Please return the listing exactly as written, but without its pictures.
━━━ DATASET RECORDS ━━━
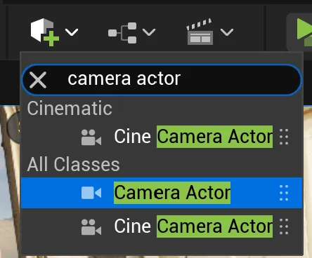 To create a camera actor, use the menu to create objects and search for Camera Actor.
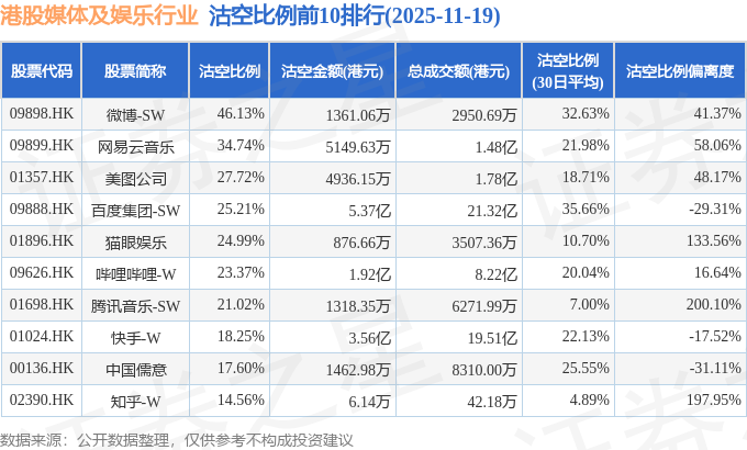 从沽空比例来看,微博-SW、网易云音乐、美图公司沽空比例位居行业前三,分别为46.13%、34.74%、27.72%。
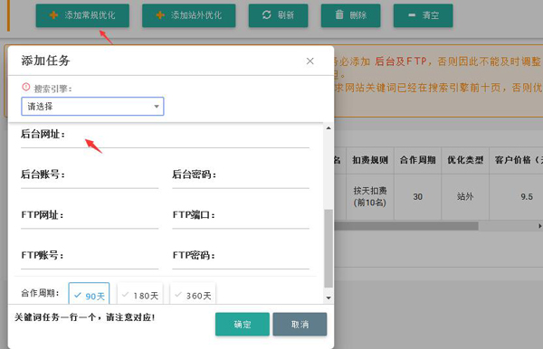2:增加通例优化 通例优化就是正常是SEO优化,合适没有排名或许排名很靠后的网站,优化的时刻会举行站内和站外的优化,所以提交关键词和域名的时刻,必需在背景供应背景账号,背景暗码,FTP网站,FTP端口,FTP账号,FTP暗码,同时也支持站外优化的那些平台百度排名,还能够自定义优化周期30天,60天,90天不等。
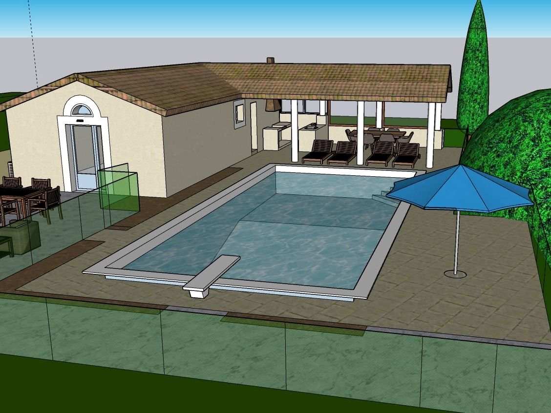 ·        Groot overdekt travertin terras op het zuiden met extra luifel en kleine visvijver;
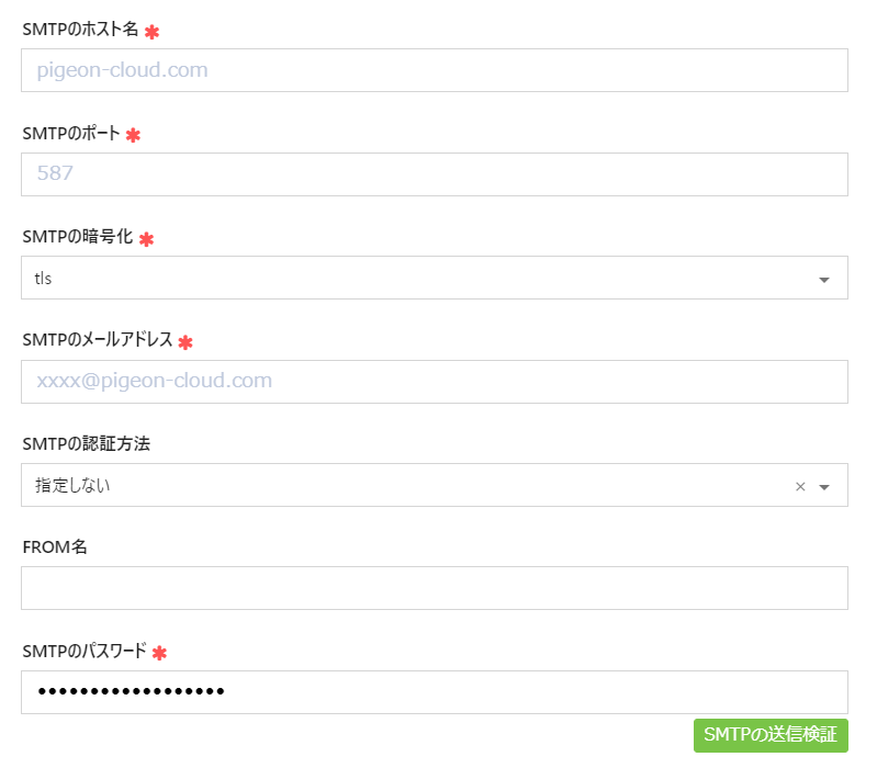 | SMTPの暗号化 | ご利用いただいているメールサーバーのSMTPの暗号化種別を選択します。「tls」「ssl」「無し」のいずれかを選択します。 |
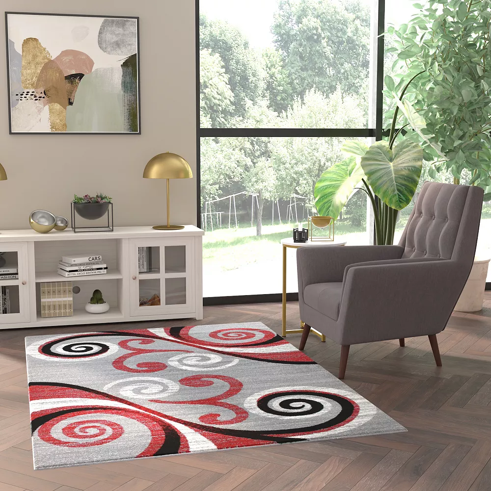 When your home is in need of a change, laying down an area rug can change the whole look of any room. This accent rug offers an ultra soft plush pile in gray with scraped look red, black and white swirls that give a hand painted, well loved feel. The olefin facing is naturally moisture and stain resistant, colorfast and non-shedding, perfect for a home with children and pets. The jute backing is suitable for multiple flooring types. With low maintenance care, you’ll be able to enjoy your rug without having to constantly worry about spills or messes. Simply vacuum regularly and spot clean when needed with a diluted mixture of clear, neutral detergent and water and a dry cloth. For heavier messes, the rug can be steam cleaned but should not be exposed to excessive moisture.
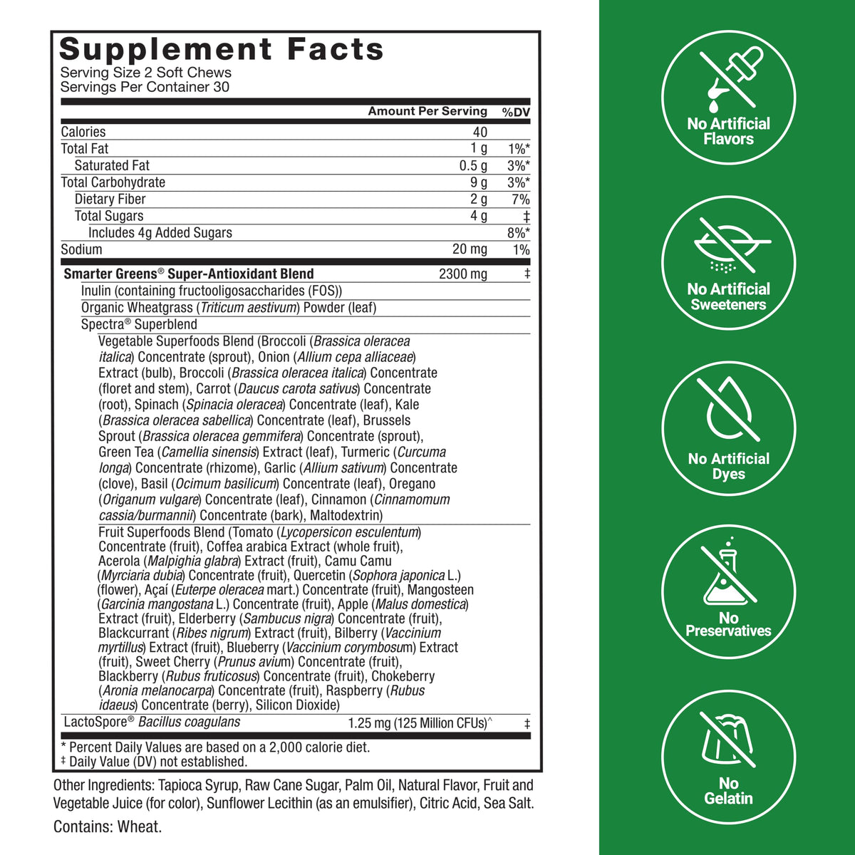 - ULTIMATE CONVENIENCE: Sometimes there’s just no time to mix up your favorite greens powder. Whether you’re at work, at school, or on the go, Smarter Greens Soft Chews are individually wrapped and easy to consume for the ultimate in convenience.
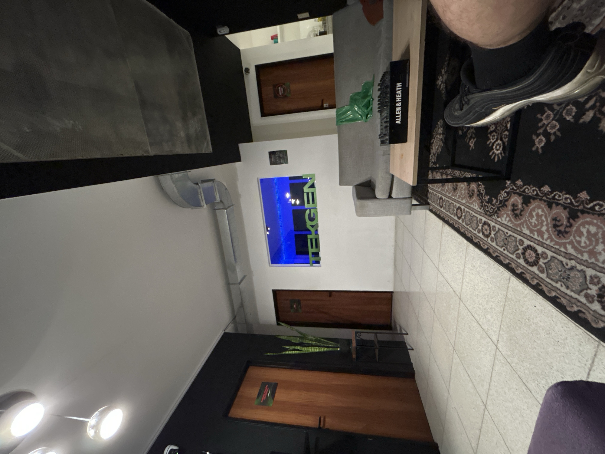 n interior space with a sofa, coffee table with a black Allen & Heath device, and a rug. A person's leg and shoe are visible near the coffee table. There are doors, one of which has a plant in front of it. A window with the word "TEIGEN" in green letters is also present. The lighting is from ceiling lights. The location could possibly be Buenos Aires, Argentina, but without more context or specific markers in the image, this is only an educated assumption.
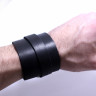 Стильний широкий чорний шкіряний браслет з великою фігурною пряжкою у вінтажному стилі. Складається з прямокутної манжети і вузької смуги з отворами, яка обертається навколо руки двічі за типом напульсників. Поєднання грубих ліній дизайну браслета з плавними лініями фурнітури створюють збалансовану композицію прикраси на руці, яка однозначно приверне увагу.
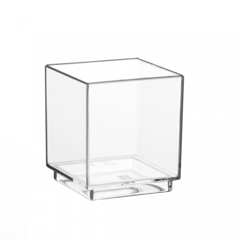 Plastikowy pucharek w kolorze transparentnym o wymiarach 4.7cmx4.2cmx4.2cm. Stanowi wspaniały pomysł i sposób na zorganizowanie oryginalnego przyjęcia, cateringu czy degustacji. Jest również doskonałą ozdobą stołu, a podane w nich przekąski oraz desery są efektowne dla oka. Pojemność – 55ml
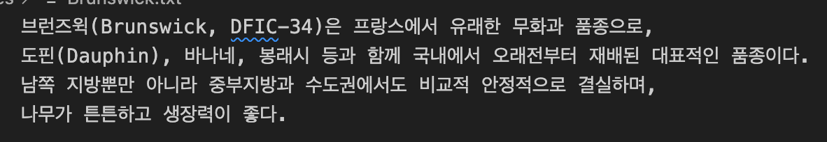 무화과도감을 LLM이 해석한 자연어를 각각은 txt 파일에 넣었습니다. 좀더 와닿도록 하나만 예를 들어서 보여드리자면,
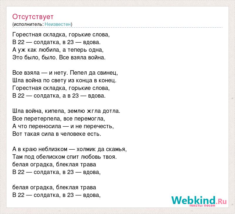 Горестная складка, горькие слова, В 22 — солдатка, в 23 — вдова. А уж как любила, а теперь одна, Это было, было. Все взяла война. Все взяла — и нету. Пепел да свинец, Шла война по свету из конца в конец. Горестная складка, горькие слова, В 22 — солдатка, а в 23 — вдова. Шла война, кипела, землю жгла дотла. Все перетерпела, все перемогла, А что переносила — и не перечесть, Вот такая сила в человеке есть. А в краю неблизком — холмик да скамья, Там под обелиском спит любовь твоя. белая оградка, блеклая трава В 22 — солдатка, в 23 — вдова, белая оградка, блеклая трава В 22 — солдатка, в 23 — вдова,
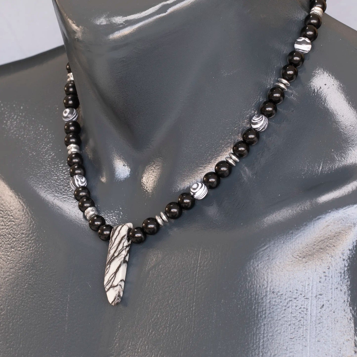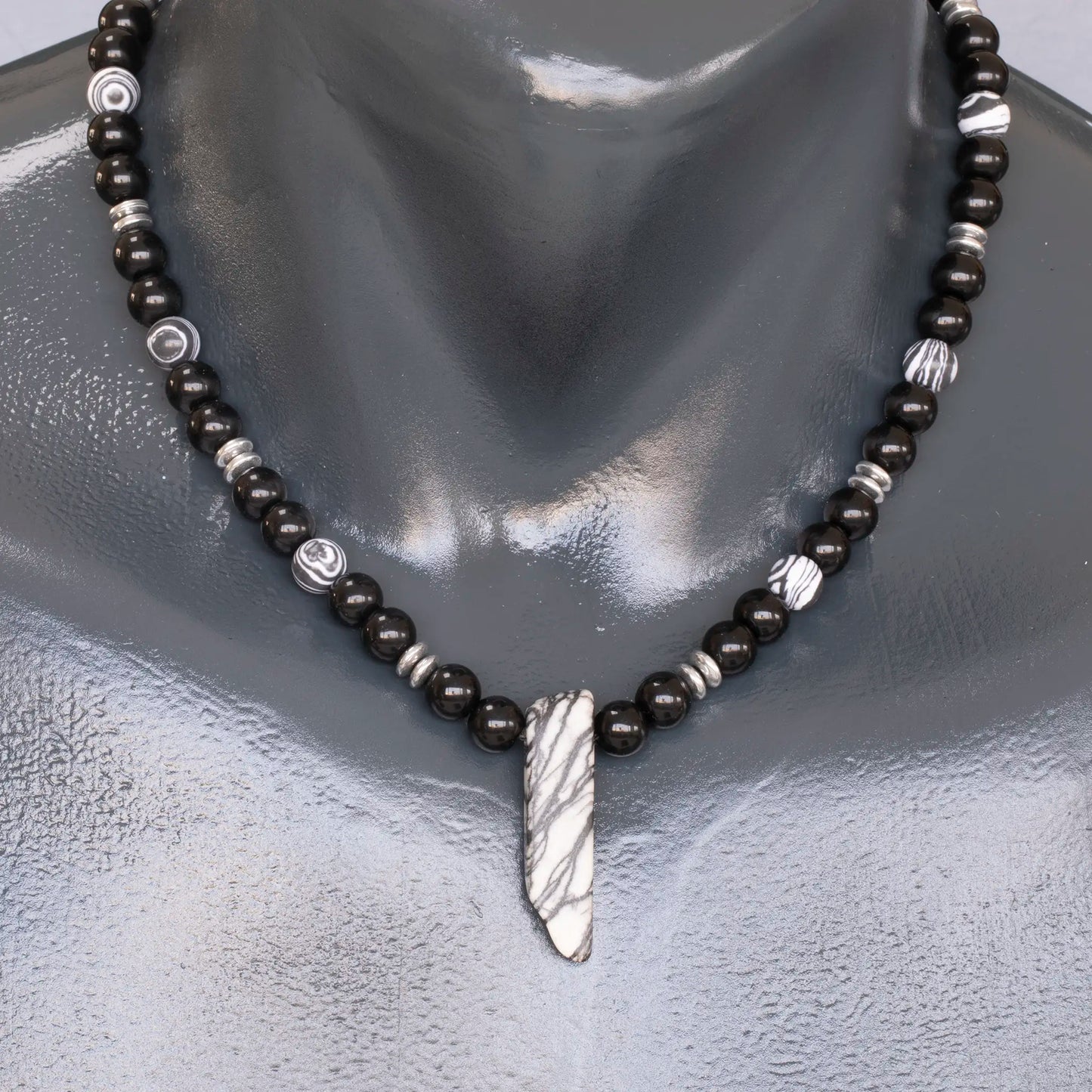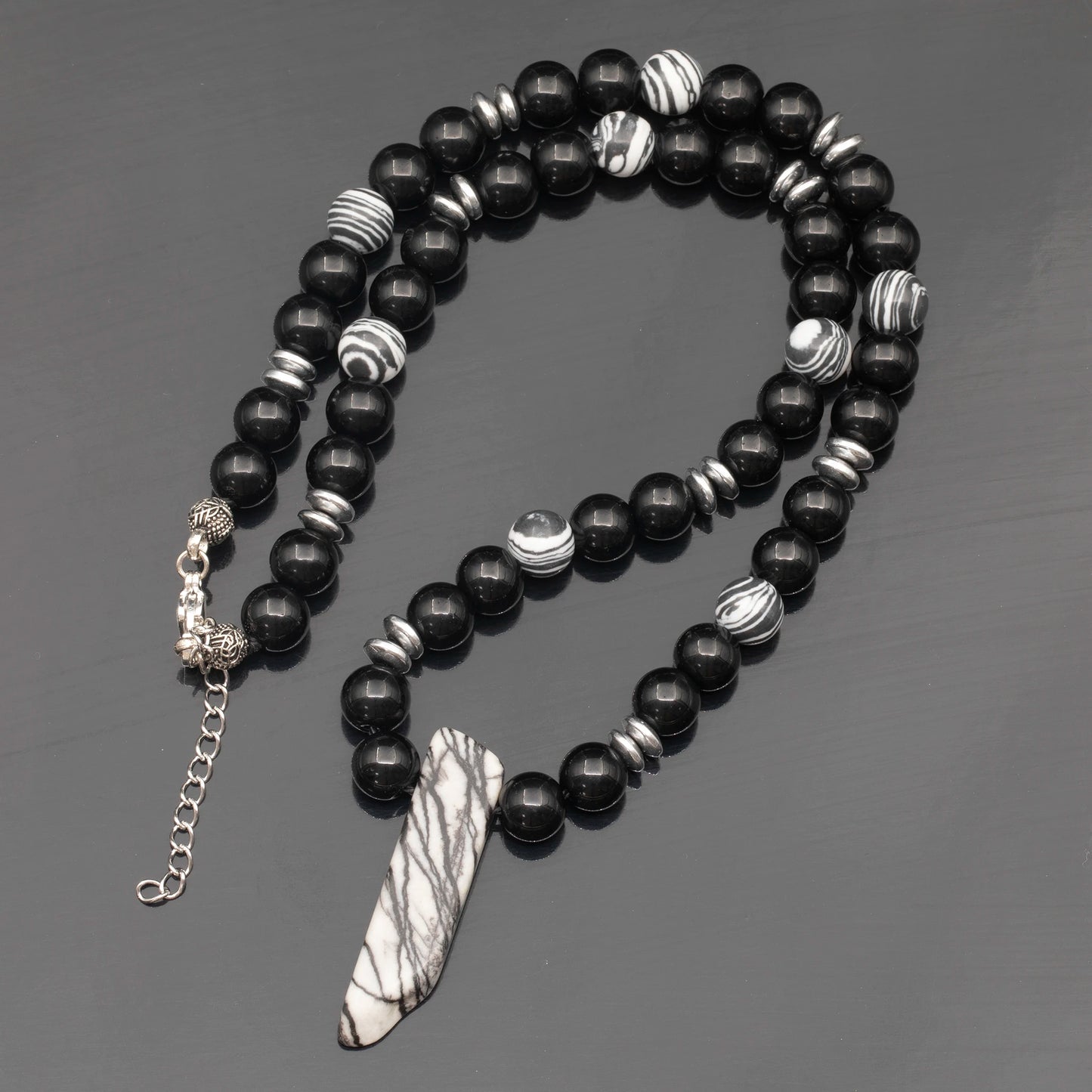 Natural Zebra Jasper Sliced Pendant, Natural Black Fordite & Black Onyx Beaded Necklace
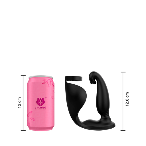 SHANDEEstimulador prostático con extensión de anillo para el pene que estimula testículos. Manéjalo desde su control remoto. Características: Color: N...
━━━
*TASK ANSWER*.
 To create a camera actor, use the menu to create objects and search for Camera Actor.
 从沽空比例来看,微博-SW、网易云音乐、美图公司沽空比例位居行业前三,分别为46.13%、34.74%、27.72%。
2:增加通例优化 通例优化就是正常是SEO优化,合适没有排名或许排名很靠后的网站,优化的时刻会举行站内和站外的优化,所以提交关键词和域名的时刻,必需在背景供应背景账号,背景暗码,FTP网站,FTP端口,FTP账号,FTP暗码,同时也支持站外优化的那些平台百度排名,还能够自定义优化周期30天,60天,90天不等。
 ·        Groot overdekt travertin terras op het zuiden met extra luifel en kleine visvijver;
 | SMTPの暗号化 | ご利用いただいているメールサーバーのSMTPの暗号化種別を選択します。「tls」「ssl」「無し」のいずれかを選択します。 |
 When your home is in need of a change, laying down an area rug can change the whole look of any room. This accent rug offers an ultra soft plush pile in gray with scraped look red, black and white swirls that give a hand painted, well loved feel. The olefin facing is naturally moisture and stain resistant, colorfast and non-shedding, perfect for a home with children and pets. The jute backing is suitable for multiple flooring types. With low maintenance care, you’ll be able to enjoy your rug without having to constantly worry about spills or messes. Simply vacuum regularly and spot clean when needed with a diluted mixture of clear, neutral detergent and water and a dry cloth. For heavier messes, the rug can be steam cleaned but should not be exposed to excessive moisture.
 - ULTIMATE CONVENIENCE: Sometimes there’s just no time to mix up your favorite greens powder. Whether you’re at work, at school, or on the go, Smarter Greens Soft Chews are individually wrapped and easy to consume for the ultimate in convenience.
 n interior space with a sofa, coffee table with a black Allen & Heath device, and a rug. A person's leg and shoe are visible near the coffee table. There are doors, one of which has a plant in front of it. A window with the word "TEIGEN" in green letters is also present. The lighting is from ceiling lights. The location could possibly be Buenos Aires, Argentina, but without more context or specific markers in the image, this is only an educated assumption.
 Стильний широкий чорний шкіряний браслет з великою фігурною пряжкою у вінтажному стилі. Складається з прямокутної манжети і вузької смуги з отворами, яка обертається навколо руки двічі за типом напульсників. Поєднання грубих ліній дизайну браслета з плавними лініями фурнітури створюють збалансовану композицію прикраси на руці, яка однозначно приверне увагу.
 Plastikowy pucharek w kolorze transparentnym o wymiarach 4.7cmx4.2cmx4.2cm. Stanowi wspaniały pomysł i sposób na zorganizowanie oryginalnego przyjęcia, cateringu czy degustacji. Jest również doskonałą ozdobą stołu, a podane w nich przekąski oraz desery są efektowne dla oka. Pojemność – 55ml
 무화과도감을 LLM이 해석한 자연어를 각각은 txt 파일에 넣었습니다. 좀더 와닿도록 하나만 예를 들어서 보여드리자면,
 Горестная складка, горькие слова, В 22 — солдатка, в 23 — вдова. А уж как любила, а теперь одна, Это было, было. Все взяла война. Все взяла — и нету. Пепел да свинец, Шла война по свету из конца в конец. Горестная складка, горькие слова, В 22 — солдатка, а в 23 — вдова. Шла война, кипела, землю жгла дотла. Все перетерпела, все перемогла, А что переносила — и не перечесть, Вот такая сила в человеке есть. А в краю неблизком — холмик да скамья, Там под обелиском спит любовь твоя. белая оградка, блеклая трава В 22 — солдатка, в 23 — вдова, белая оградка, блеклая трава В 22 — солдатка, в 23 — вдова,
 Natural Zebra Jasper Sliced Pendant, Natural Black Fordite & Black Onyx Beaded Necklace
 SHANDEEstimulador prostático con extensión de anillo para el pene que estimula testículos. Manéjalo desde su control remoto. Características: Color: N...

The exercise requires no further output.